In this module, I changed many parameters to optimize segmentation. For my data, the most important parameters are:
Method to identify secondary objects
Threshold correction factor
For example, the method that you choose for identifying secondary objects can make a dramatic difference in segmentation (Figure 1).
Figure 1. Comparison of methods for identification of secondary objects. This figure demonstrates how important the chosen method for identification is for cell segmentation. As you can see in the
Watershed -- Image method(right), it incorrectly segments the maroon-colored cell in the top right box by giving it a long arm (red arrow) that should be a part of a different cell. But, in the
Propagation method(left), it segments the light orange-colored cell correctly and does not segment the cell next to it where it contains parts of the orange-colored cell.
But no matter what parameter you choose, there is always a “give and take”. For example, when choosing a value for the threshold correction factor (TCF), one value can segment one cell better than the other while the other value segments a different cell better (Figure 2).

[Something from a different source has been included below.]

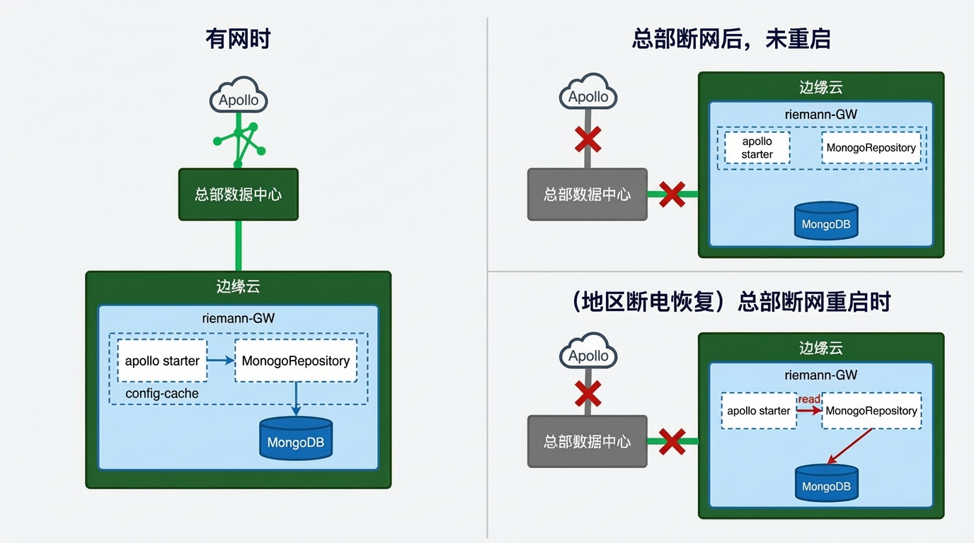 配置中心(如 Apollo、ZK 或 Nacos)通常部署在总部集群,因此极易受到地区网络中断的影响,导致应用启动时出现不可预知的问题。为此,我们的策略是在网络正常时将所有必要的配置文件同步并存储在本地。一旦发生网络异常,系统将立即降级读取本地缓存文件,从而有效隔离网络波动对应用启动的影响,保障应用始终具备高可用性。

Figure 2. Comparison of threshold correction factor values (TCF). This figure shows how complicated picking a TCF value is to optimize segmentation. In the left panel, I set the TCF to 1.5, which segments the dark blue cell (green arrow) correctly but under segments the light green cell (red arrow). In the right panel, the TCF is 0.6, which segments the light blue cell (light green cell from the left panel) correctly, not leaving out any parts. In contrast, TCF=0.6 under segments the dark blue cell (same as the other panel), artificially adding some of its actin to the cell to its right. I used the same segmentation method for both panels.
As you can see, the main reason why this module is so hard is that it is very difficult to find the best parameters. But like with the IdentifyPrimaryObjects, this module is very easy to prototype and make changes to the parameters to get the best possible results.
Identifying tertiary objects (cytoplasm)
Lastly, the IdentifyTertiaryObjects module is the easiest to work with out of all the steps.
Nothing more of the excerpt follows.